* _EXERCISE INSTRUCTIONS_:
The pictures get left out, but everything else in the listing below must be duplicated exactly.

* _PROVIDED DATA_:

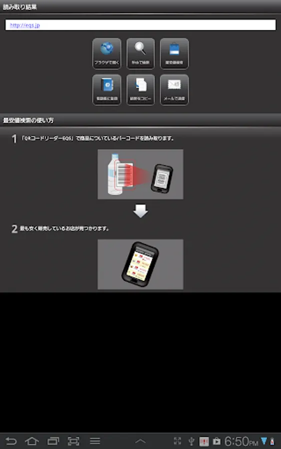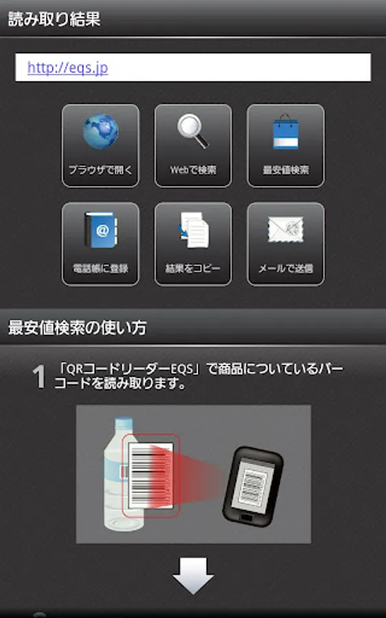 After reading the QR code, you can automatically fly to the site or Google Play without displaying the URL.
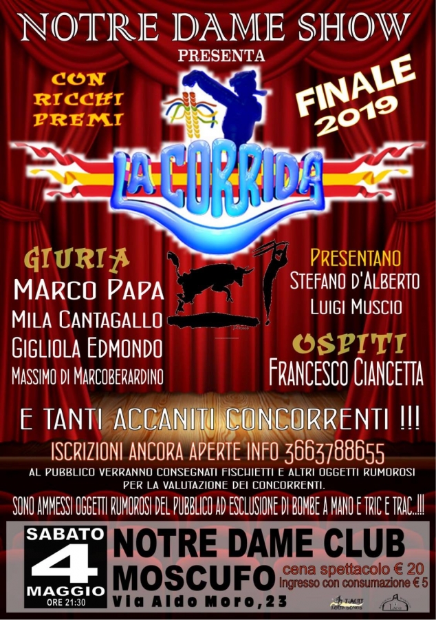 Una serata sold out all’insegna del divertimento e dell’allegria quella di ieri sera al pub/pizzeria “Notre Dame” di Moscufo (PE) in occasione della finalissima dell’edizione 2019 della Corrida, la caratteristica manifestazione che vede salire palco i dilettanti alla sbaraglio.
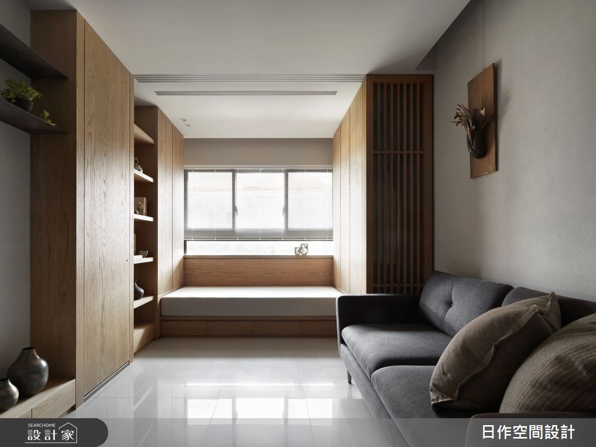 本案為日作空間設計的10.5坪人文禪風新成屋(5年以下)設計作品,格局為單層一房的居住空間。居住成員包含2位大人。全室建材的搭配,應用木作貼皮,展現溫馨的居家氛圍。
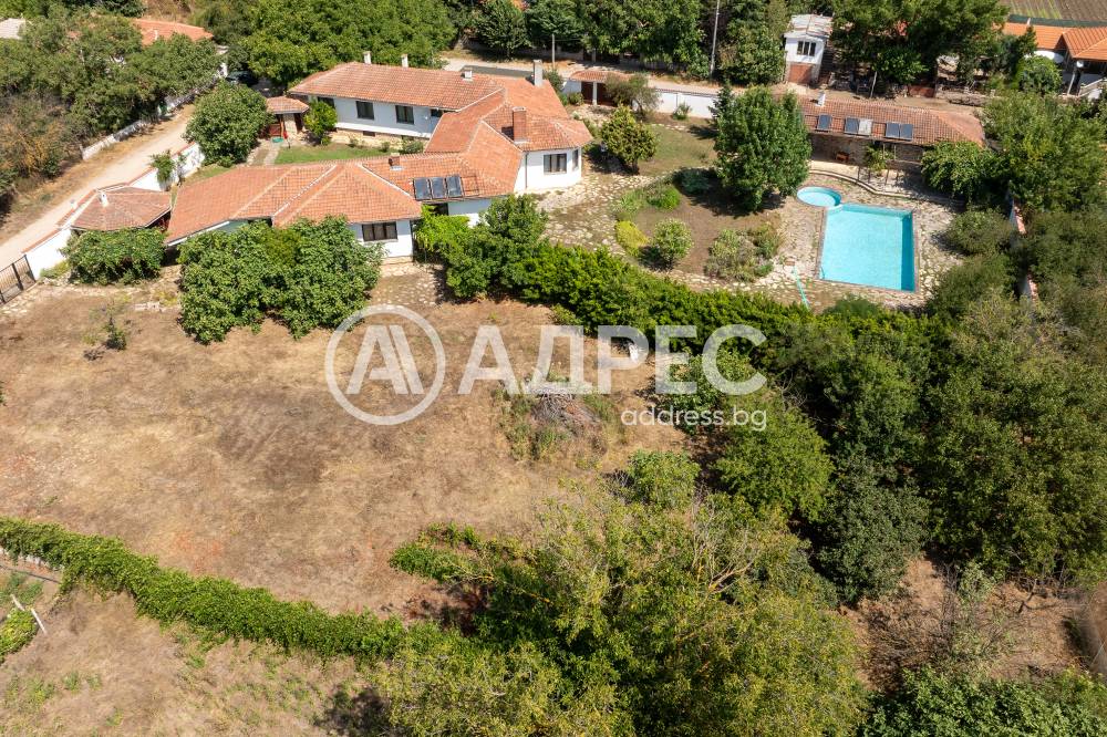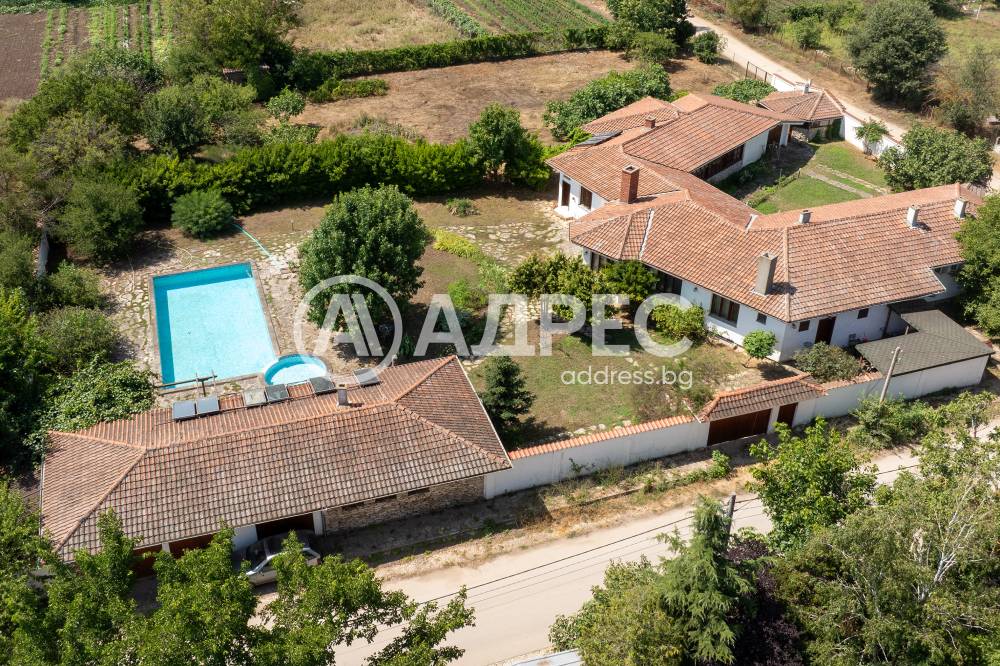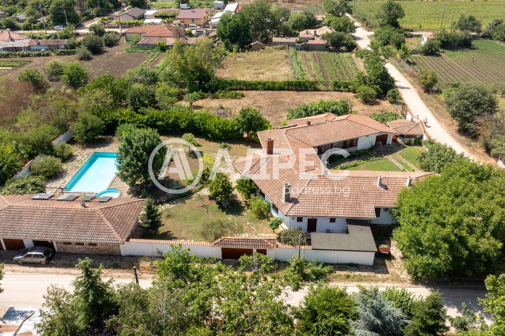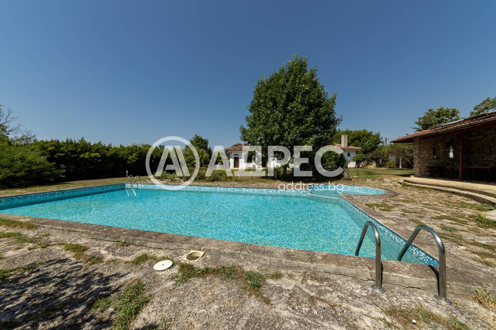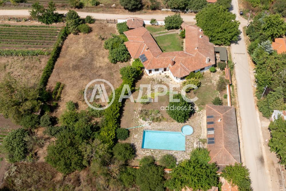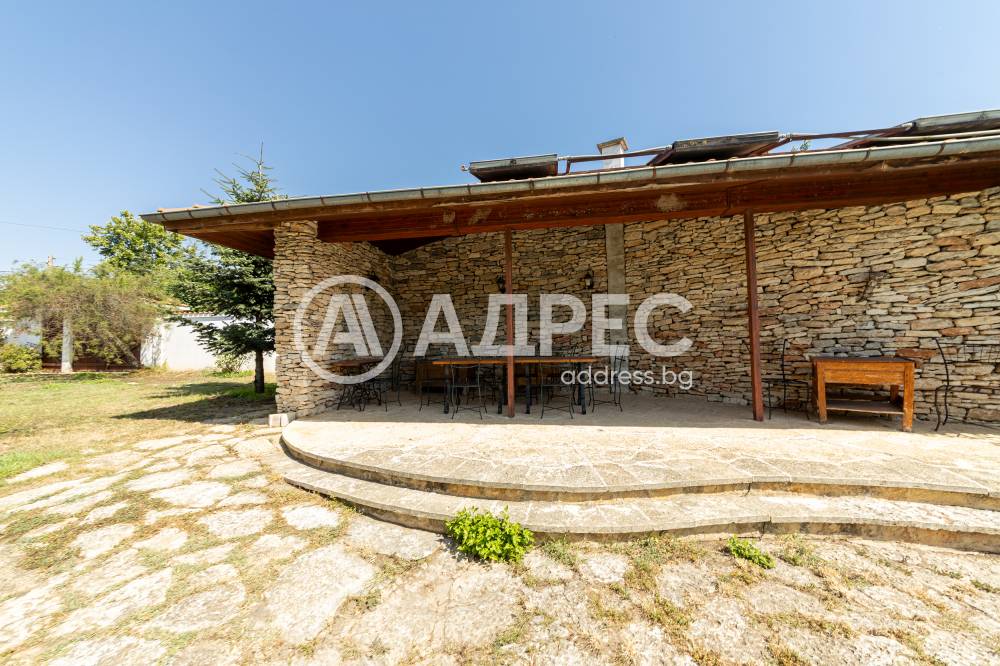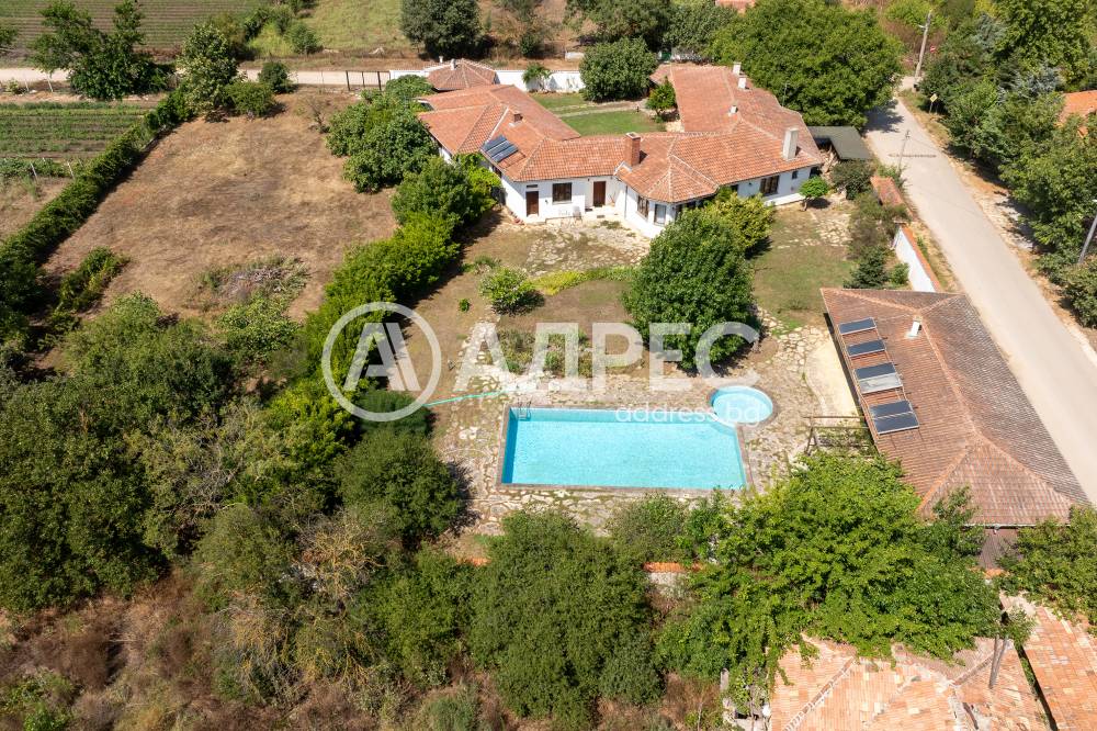 Втора сграда – изградена изцяло от ръчно дялан камък, включва: една стая с баня, три гаража, просторен навес с изглед към басейна – използваем целогодишно, масивна лятна кухня (20 кв.м) с каменна декорация – отделна от основната сграда

* _RESULT FOR THIS EXERCISE_:
 After reading the QR code, you can automatically fly to the site or Google Play without displaying the URL.
 Una serata sold out all’insegna del divertimento e dell’allegria quella di ieri sera al pub/pizzeria “Notre Dame” di Moscufo (PE) in occasione della finalissima dell’edizione 2019 della Corrida, la caratteristica manifestazione che vede salire palco i dilettanti alla sbaraglio.
 本案為日作空間設計的10.5坪人文禪風新成屋(5年以下)設計作品,格局為單層一房的居住空間。居住成員包含2位大人。全室建材的搭配,應用木作貼皮,展現溫馨的居家氛圍。
 Втора сграда – изградена изцяло от ръчно дялан камък, включва: една стая с баня, три гаража, просторен навес с изглед към басейна – използваем целогодишно, масивна лятна кухня (20 кв.м) с каменна декорация – отделна от основната сграда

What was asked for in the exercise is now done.